И все увидели, как затравленным зверем мечется в пустом поле фигура немецкого солдата. Кто-то выстрелил ему вдогонку. Но он был так далеко, что автоматная очередь не достала его.
— Волков! — крикнул я. — А ну-ка, сними его.
Волков, человек немногословный и обстоятельный, поставил на сошки противотанковое ружье, прицелился и нажал спуск. Немец словно бы споткнулся, замер на мгновенье и рухнул, как подкошенный.
— И чего это ему удирать вздумалось, — недовольно проворчал Волков, направляясь в поле и увлекая за собой других.
— Чего, чего! — возразил ему Суханов. — Совесть нечиста, наверное… Вот чего.
— Совесть! — продолжал ворчливо Волков. — А ты видел, чтобы у фашистов совесть водилась?
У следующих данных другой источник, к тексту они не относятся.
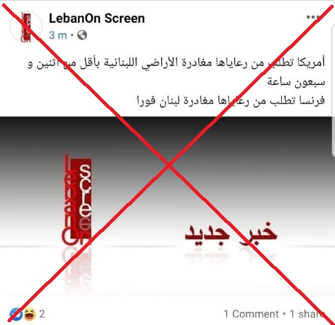 يتداول مستخدمون لوسائل التواصل الاجتماعي في لبنان، لا سيما عبر الواتساب، خبرا يدّعي أن "أميركا طلبت من رعاياها مغادرة الأراضي اللبنانية خلال أقل من 72 ساعة، وفرنسا طلبت من رعاياها مغادرة لبنان فورا". غير أن "هذا الخبر عار من الصحة"، بتأكيد من مصادر في السفارة الاميركية في بيروت، وايضا من مصادر أخرى مطلعة، لـ"النهار". FactCheck#

Алексеенко присел возле немца на корточки.
— Братцы, а ведь он жив…
В отделении Алексеенко исполнял обязанности санитара. Но ему еще ни разу не доводилось показать себя на деле. Немец оказался его первым пациентом. Поэтому, наверное, и тряслись у нашего Алексеенко руки, когда он короткими крестьянскими пальцами, выпачканными в крови, неумело накладывал повязку.
Просвечивающиеся красноватые веки немца, опушенные белесыми выгоревшими ресницами, на секунду приоткрылись и тут же захлопнулись снова — совсем, как у куклы. Страх сковал его.
Конечно, тот пулеметчик, что зарылся в землю на самой вершинке кургана, знал, что сопротивляться бессмысленно.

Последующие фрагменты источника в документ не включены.